L'insulte était sortie de sa bouche sans que Karis y réfléchisse. Si dix secondes plus tôt, elle s'apprêtait presque à sauter au cou de Dirann, la colère avait giclé dans son estomac devant son silence.

— Tu ne devrais pas être ici, finit-il par articuler.

— Toi non plus.

Ses traits émaciés se contractèrent – moue moqueuse ou sanglot réprimé ? – mais Karis fit de son mieux pour ne rien laisser paraître. Comme Unili, il avait abandonné la Citadelle. Ils avaient abandonné leur famille, sans une seule explication.

— Tu n'as aucune idée de là où tu viens de mettre les pieds.

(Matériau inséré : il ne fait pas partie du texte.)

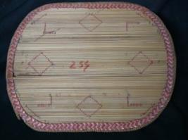 | Description / विवरण | It is a rectangular mat, made of spokes of grass, decorated with thread work and red colour. Its edge is designed with geometrical pattern. |
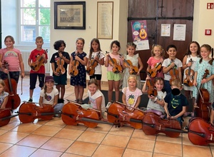 entdecken gemeinsam die Streichinstrumente. Unterstützt werden die
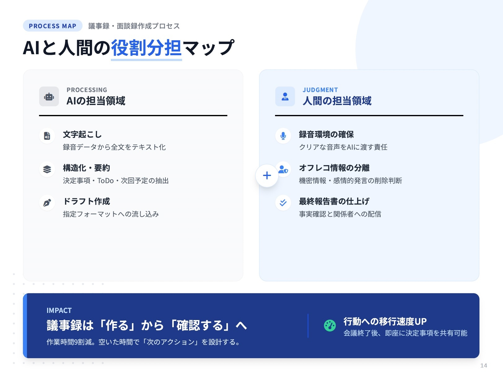 人間は、AIがまとめた内容をもとに不要な内容は削除したり、言い換えをするなど微調整と事実確認をして関係者へ配布するという役割です。
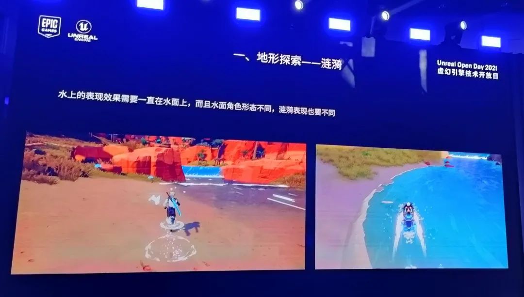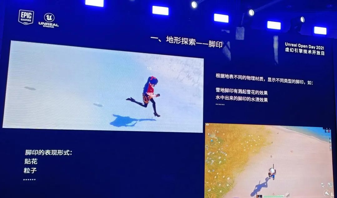 這次演講所說的開放世界自由探索,不是從游戲玩法和游戲設計角度出發,而僅僅從功能實現角度出發。比如說走過的路,地下會留下腳印,蹚過水會泛起漣漪,對大世界有所動作,大世界也會給我對應的反饋。

Un tremblement secouait sa voix.

— Où est Unili ?

Karis avait l'impression que son cœur était remonté dans sa gorge. Si Dirann se trouvait ici, alors Unili ne devait pas être loin. Peut-être même que Milanne et Thilste l'avait aperçu, même s'ils n'auraient évidemment pas pu savoir qui elle était. Pourquoi diable Unili se retrouverait-elle dans un repaire d'hérétiques ?

L'Ashkani se figea. Sa sœur n'avait jamais été particulièrement pieuse envers Kya. Elle avait un Esprit farouche, indépendant, et surtout, casse-cou. S'il y avait bien quelqu'un qui pouvait se mettre en tête de croire en l'existence d'un faux Dieu, c'était elle.

— Je... je ne sais pas où elle se trouve, admit Dirann.

L'estomac de Karis se noua. L'ancien Guérisseur s'approcha d'elle. Elle était trop choquée pour protester lorsqu'il posa ses mains sur ses épaules.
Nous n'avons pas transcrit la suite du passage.